In an interview, director Jordan Susman commented that inspirations for the film included "Animal House, Battle of Algiers, and Duck Soup... Everywhere Chico and Harpo Marx went, anarchy ensued. When they spread their anarchy, it was the most joyous thing you had ever seen. I made (lead actor Devon Gummersall) watch Duck Soup, and he saw what I wanted to show, which was a sense of personal freedom and autonomy."

==Release==

===Box office===
Released in a limited release on July 18, 2003, The Anarchist Cookbook was a box office failure, grossing $8,251 in its opening weekend, only playing in two theaters. The final domestic gross is $14,369.

===Critical reception===
The film was received with generally negative criticism. Review aggregator website Rotten Tomatoes shows a freshness rating of 39%, and Metacritic's average review score is 36 out of 100.

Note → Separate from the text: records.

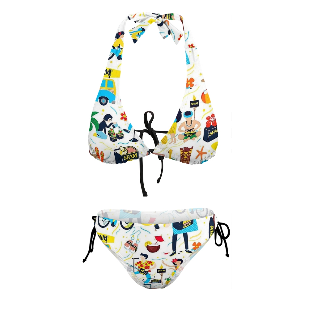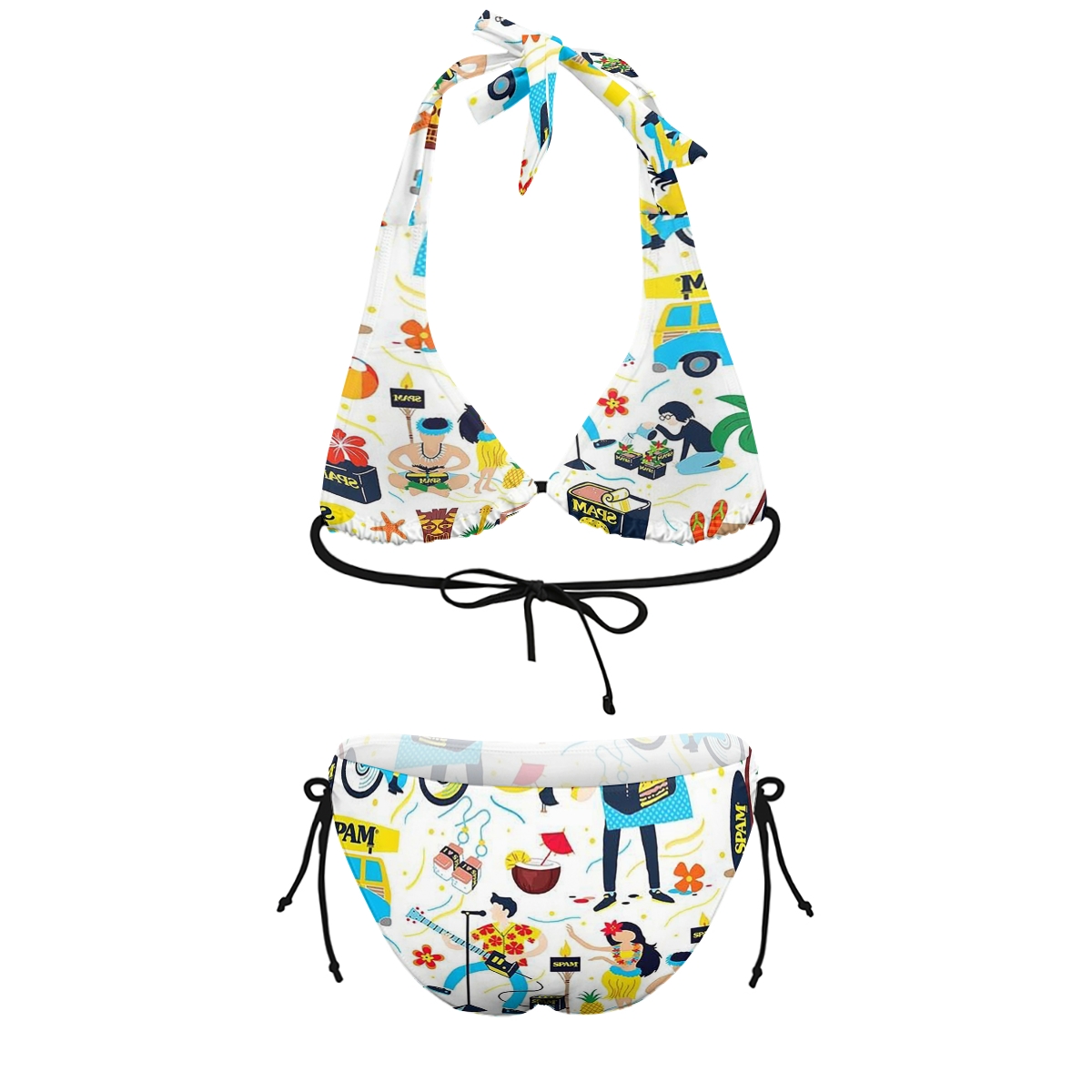 Hawaiian Retro Cartoon Print Triangle Cup Deep V Halter Bikini
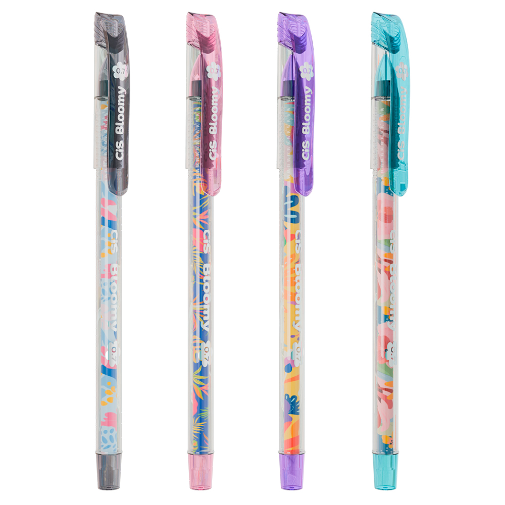 - Cor da tinta conforme cor do corpo: roxo, rosa, azul e preto
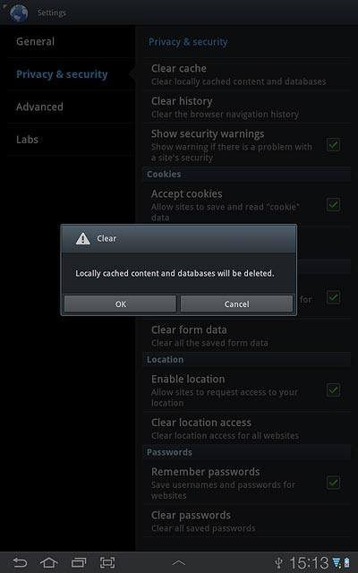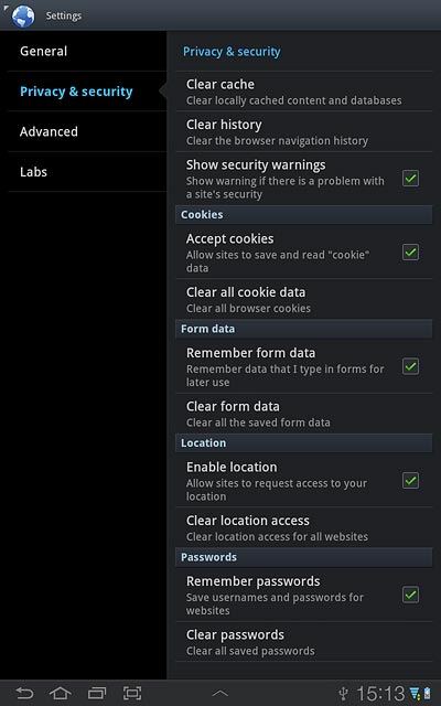 When you use your device's internet browser, various data is stored temporarily in the browser memory, such as cache and cookies. If you have problems loading web pages, deleting this data may help. Follow these instructions to clear browser data.
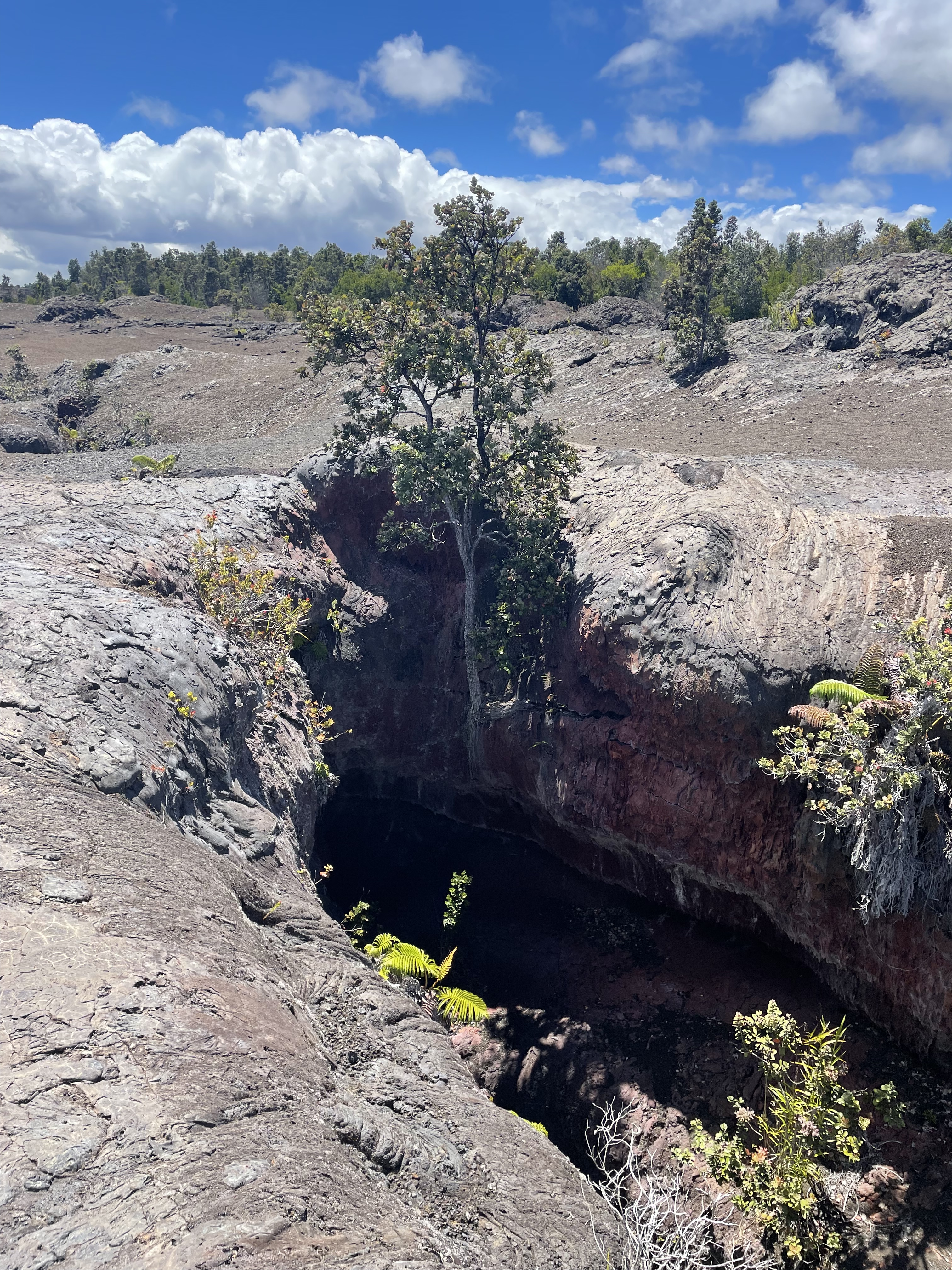 Then, we drove over to XYZ where we met the ranger (Steve) for our hike through lava fields. Steve’s a volunteer ranger who’s been visiting the park for decades and his love for the history and geology of the park really shone through on the hike. He pointed out various native plants, told us various mo’olelo (Hawaiian storytelling that’s meant to tell a deeper meaning), and told us about the history of lava eruptions in the park. The story he told us is a famous legend about the love of Ohia and Lehua (https://www.lovebigisland.com/big-island-mythology/ohia-lehua/)

The film was also heavily criticized by anarchists, who charged that, aside from its poor cinematic qualities, it presented caricatures of anarchist characters and philosophy, which amounted to anti-anarchist propaganda. Negative reviews for the film appeared in anarchist publications, including a scathing review in Anarchy: A Journal of Desire Armed, by Lawrence Jarach:

Despite the title and the pretensions of the characters' self-images, the plain fact is that there are no anarchists in this film... This film could have been funny if there weren't so many stupid prejudices about anarchism/anarchists in it. It could have been mildly entertaining if there had been even one sympathetic character in it. It could have been provocative if there had been even one remotely intelligent discussion of anarchism anywhere in it. But this stupid video can't be used to point out anything worthwhile--politically or cinematically.

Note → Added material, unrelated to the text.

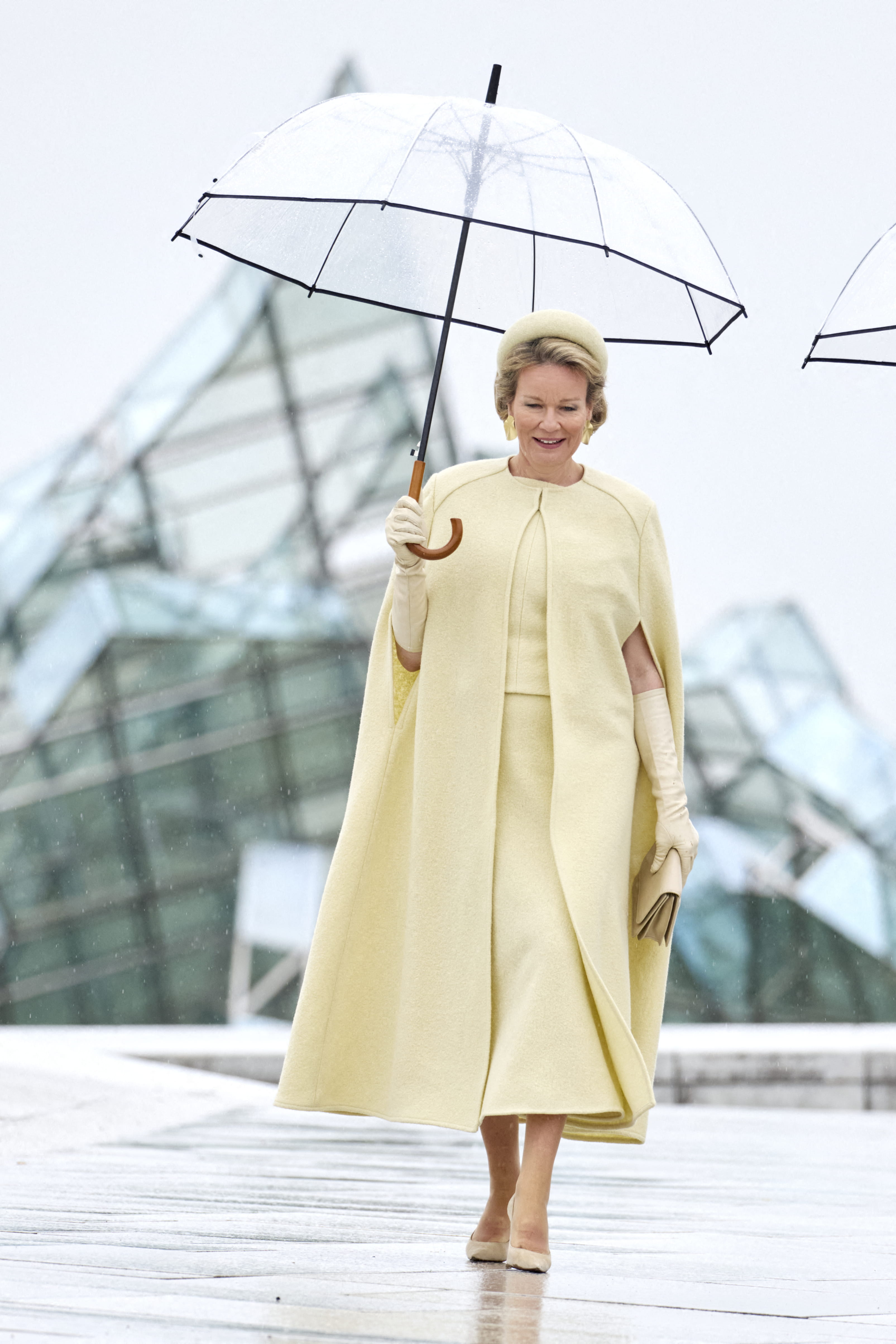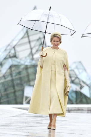 Même sous la pluie, Maxima des Pays-Bas est incroyablement stylée grâce à une silhouette monochrome et tendance. En effet, la reine apparaît dans une nuance jaune beurre très douce, qui apporte de la lumière malgré le temps pluvieux. La pièce maîtresse du look ? Cette longue cape structurée portée sur une robe coordonnée de longueur midi. L'ensemble est complété par des gants d'opéra en cuir beige clair et une pochette assortie, renforçant le côté protocolaire et chic. Elle porte aussi un bibi assorti, posé sur une coiffure impeccablement relevée. Le clou du spectacle ? Un accessoire pratique : le parapluie cloche transparent qui est choisi pour ne pas masquer la tenue.
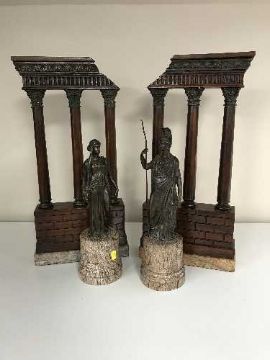 A pair of bronze classical style statues on marble bases and a pair of mahogany ormolu mounted columns on marble plinths (4)

Green Anarchy magazine also published a review of the film with a similar critique:

The Anarchist Cookbook paints a cartoon-like picture of a so-called "anarchist" scene in Dallas, Texas. To be blunt, there are no anarchists in the film... To put it simply, this film is a pathetic stereotype of anarchists, meant to make us look stupid. While there are some very embarrassing people in the anarchist "movement", this is absurd... It's only worth mentioning because it is out in the mainstream, and promotes a misconception we'll have to deal with. As stereotypes go, I would much prefer the armchair intellectual or bearded bomb-thrower to that of Beavis and Butthead.